Bert Brandenburg is executive director of the Justice at Stake Campaign, a nonpartisan campaign with 50 state and national partners that works to keep courts fair, impartial and free from special-interest influence.
The last 10 years have brought a revolution in the election of state Supreme Court judges. Special-interest cash has become king. Most Americans fear that justice is for sale.
This week, three reform groups released the first comprehensive national overview of spending on high court elections in the 2000-2009 decade, and on the political powerhouses seeking to tilt the scales of justice.
The report, "The New Politics of Judicial Elections, 2000-2009: Decade of Change"- released by Justice at Stake, the Brennan Center for Justice and the National Institute on Money in State Politics - describes a decade-long attack on the very notion of impartial justice. And the campaign trail attacks are paired with a litigation crusade to destroy meaningful election regulation.
Some of the report's findings:
- Spending on state Supreme Court elections more than doubled in 2000-2009; candidates raised $206.9 million, compared with just $83.3 million in the 1990s.
- Outside groups - funded by business groups, plaintiffs' lawyers and unions - poured in at least $39 million more in TV ads not approved by court candidates, ads that often viciously attacked and distorted the candidates' records. Much of this involved secret money from unknown bankrollers.
- Twenty of the 22 states that hold at least some competitive elections for Supreme Court had their costliest election ever.
There is nothing new about states electing judges. About 85 percent of all state judges face some form of election.
What is new is the tidal wave of money. High court judges must routinely raise big money from parties who appear before them in court. Outside groups are spending millions more on ads to pressure judges and trash their reputations.
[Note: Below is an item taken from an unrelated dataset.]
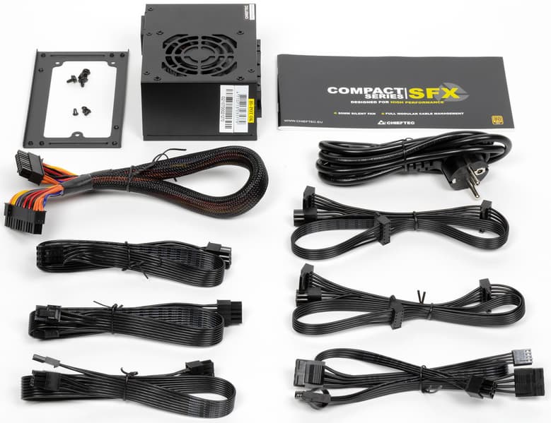 Провода у блока питания относительно короткие, ведь он в первую очередь предназначен для компактных корпусов, где подобной длины в большинстве случаев будет вполне достаточно. С другой стороны, можно было бы укомплектовать БП проводами разной длины для основных разъемов питания, поскольку в миниатюрных корпусах укладка проводов представляет собой довольно затратную по трудоемкости задачу, так что лучше иметь набор проводов разной длины, раз уж все провода у блока питания съемные.
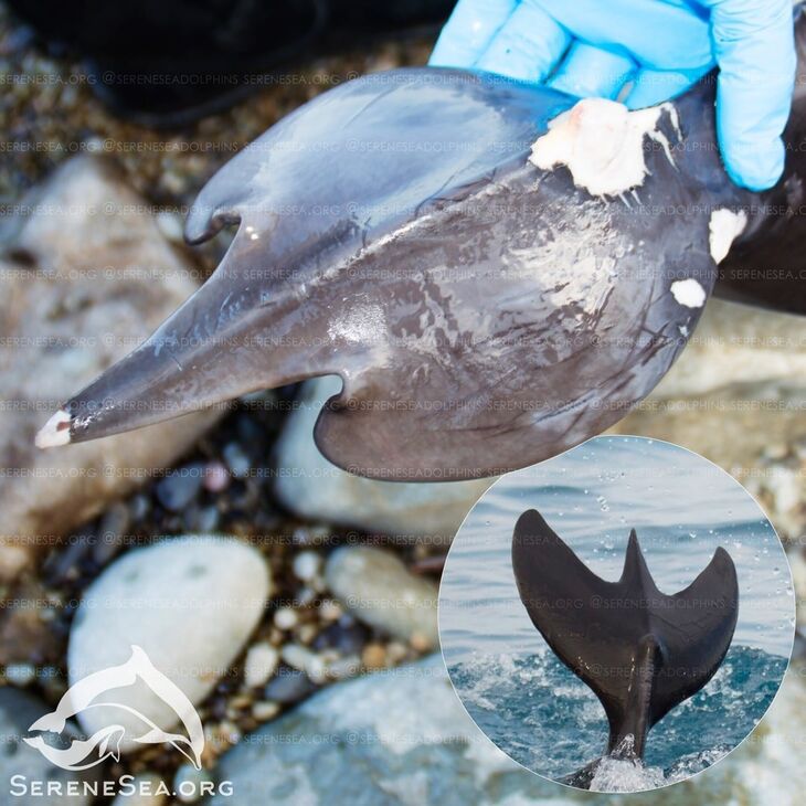 У берегов Алушты местные жители нашли мёртвого новорожденного дельфина-афалину со странным хвостом похожим на трезубец. Как сообщает центр реабилитации дельфинов «Безмятежное море», аналогичный дельфин был найден у крымского побережья в 2019 году.

All this money has caused profound unease. Polls repeatedly have shown that three Americans in four believe campaign cash affects courtroom decisions. And Justice Sandra Day O'Connor says public trust is injured when elected judges appear beholden to a small group of self-interested bankrollers.
"This crisis of confidence in the impartiality of the judiciary is real and growing," she wrote in the report's foreword. "Left unaddressed, the perception that justice is for sale will undermine the rule of law that the courts are supposed to uphold."
Why did special interests discover court elections? Two words: tort wars.
In the 1990s, some state supreme courts overturned limits on civil damages, and multi-billion dollar awards in tobacco and asbestos litigation triggered a counterattack by big business.
Beginning in 2000, groups like the U.S. Chamber of Commerce and National Association of Manufacturers, aided by leaders of such corporate giants as Home Depot and AIG insurance, began pouring record amounts into high court races. Plaintiffs' lawyers and unions have spent millions of their own, creating a full-fledged arms race for control of the courts.
In 2004, the winner of an Illinois Supreme Court seat said the $9.3 million raised by him and his opponent was "obscene." That same year, coal executive Don Blankenship spent $3 million to help elect a West Virginia justice, seeking a friendlier court to overturn a $50 million jury award. The justice, Brent D. Benjamin, was ultimately disqualified in a landmark 2009 U.S. Supreme Court case, Caperton v. Massey.
Several states have enacted reforms. North Carolina, New Mexico, Wisconsin and West Virginia have enacted public financing, so that judges don't have to dial for dollars. And Michigan established a new rule making it easier to disqualify judges from cases involving campaign benefactors.
But even these reforms are under threat in federal court. Using a radically expansive interpretation of the First Amendment, while trying to waive off the Constitution's guarantee of due process, opponents of campaign laws have attacked public financing, corporate spending bans, financial disclosure laws, and limits on explicitly partisan activity by judges.
In Missouri, Tennessee and Alaska, interest groups have battled another longstanding method for insulating courts from special interests: merit selection commissions, which identify qualified judicial candidates before governors make a final appointment.
If these groups get their way, special interests could spend unlimited amounts, in total secrecy, to elect the judges of their choice, presumably to get the rulings that they want.
That might be a cozy world for those writing checks, but it's a scary world for the rest of us - businesses and individuals alike - who depend on courts for a fair, impartial resolution of our disputes. Big money, campaign politics, and secret spending have little to do with the words carved over the Supreme Court's bronze doors: Equal Justice Under Law.